Title:	Regression Analysis and Forecasting Using Textual Data from a Time-Varying Dictionary
Description:	Provides functionalities based on the paper "Time Varying Dictionary and the Predictive Power of FED Minutes" (Lima, 2018) <doi:10.2139/ssrn.3312483>. It selects the most predictive terms, that we call time-varying dictionary using supervised machine learning techniques as lasso and elastic net.
Authors:	Luiz Renato Lima [aut], Lucas Godeiro [aut, cre]
Maintainer:	Lucas Godeiro <[email protected]>
License:	GPL-3
Version:	0.1.2
Built:	2025-03-20 04:32:07 UTC
Source:	https://github.com/lucasgodeiro/textforecast

get_collocations function

Description

get_collocations function

Usage

get_collocations(corpus_dates, path_name, ntrms, ngrams_number, min_freq,
  language)
get_collocations(corpus_dates, path_name, ntrms, ngrams_number, min_freq,
  language)

Arguments

`corpus_dates`	a character vector indicating the subfolders where are located the texts.
`path_name`	the folders path where the subfolders with the dates are located.
`ntrms`	maximum numbers of collocations that will be filtered by tf-idf.
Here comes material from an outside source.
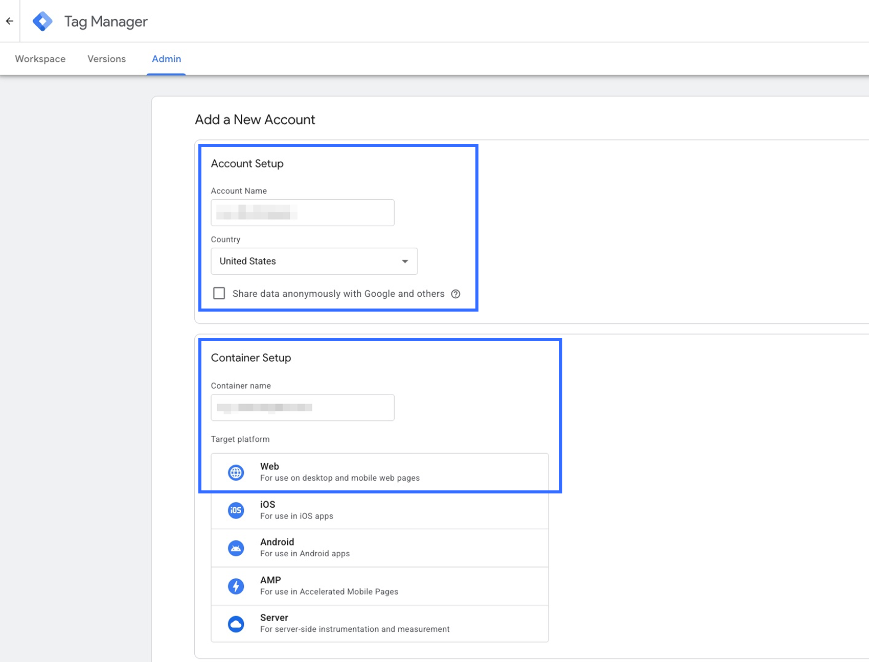 Thực hiện theo các bước dưới đây để tạo tài khoản và container GTM của bạn:

We rank the collocations by tf-idf in a decreasing order. Then, after we select the words with the ntrms highest tf-idf.
`ngrams_number`	integer indicating the size of the collocations. Defaults to 2, indicating to compute bigrams. If set to 3, will find collocations of bigrams and trigrams.
`min_freq`	integer indicating the frequency of how many times a collocation should at least occur in the data in order to be returned.
`language`	the texts language. Default is english.

Value

a list containing a sparse matrix with the all collocations couting and another with a tf-idf filtered collocations counting according to the ntrms.

Examples


st_year=2017
end_year=2018
path_name=system.file("news",package="TextForecast")
qt=paste0(sort(rep(seq(from=st_year,to=end_year,by=1),12)),
c("m1","m2","m3","m4","m5","m6","m7","m8","m9","m10","m11","m12"))
z_coll=get_collocations(corpus_dates=qt[1:23],path_name=path_name,
ntrms=500,ngrams_number=3,min_freq=10)

path_name=system.file("news",package="TextForecast")
days=c("2019-30-01","2019-31-01")
z_coll=get_collocations(corpus_dates=days[1],path_name=path_name,
ntrms=500,ngrams_number=3,min_freq=1)

st_year=2017
end_year=2018
path_name=system.file("news",package="TextForecast")
qt=paste0(sort(rep(seq(from=st_year,to=end_year,by=1),12)),
c("m1","m2","m3","m4","m5","m6","m7","m8","m9","m10","m11","m12"))
z_coll=get_collocations(corpus_dates=qt[1:23],path_name=path_name,
ntrms=500,ngrams_number=3,min_freq=10)

path_name=system.file("news",package="TextForecast")
days=c("2019-30-01","2019-31-01")
z_coll=get_collocations(corpus_dates=days[1],path_name=path_name,
ntrms=500,ngrams_number=3,min_freq=1)

get_terms function

Description

get_terms function

Usage

get_terms(corpus_dates, ntrms_words, st, path.name, ntrms_collocation,
  ngrams_number, min_freq, language)
get_terms(corpus_dates, ntrms_words, st, path.name, ntrms_collocation,
  ngrams_number, min_freq, language)

Arguments

`corpus_dates`	a character vector indicating the subfolders where the texts are located.
`ntrms_words`	maximum numbers of words that will be filtered by tf-idf. We rank the word by tf-idf in a decreasing order. Then, we select the words with the ntrms highest tf-idf.
`st`	set 0 to stem the words and 1 otherwise.
`path.name`	the folders path where the subfolders with the dates are located.
`ntrms_collocation`	maximum numbers of collocations that will be filtered by tf-idf. We rank the collocations by tf-idf in a decreasing order. Then, after we select the words with the ntrms highest tf-idf.
`ngrams_number`	integer indicating the size of the collocations. Defaults to 2, indicating to compute bigrams. If set to 3, will find collocations of bigrams and trigrams.
`min_freq`	integer indicating the frequency of how many times a collocation should at least occur in the data in order to be returned.
`language`	the texts language. Default is english.

Value

a list containing a sparse matrix with the all collocations and words couting and another with a tf-idf filtered collocations and words counting according to the ntrms.

Examples


st_year=2017
end_year=2018
path_name=system.file("news",package="TextForecast")
qt=paste0(sort(rep(seq(from=st_year,to=end_year,by=1),12)),
c("m1","m2","m3","m4","m5","m6","m7","m8","m9","m10","m11","m12"))
z_terms=get_terms(corpus_dates=qt[1:23],path.name=path_name,
ntrms_words=500,ngrams_number=3,st=0,ntrms_collocation=500,min_freq=10)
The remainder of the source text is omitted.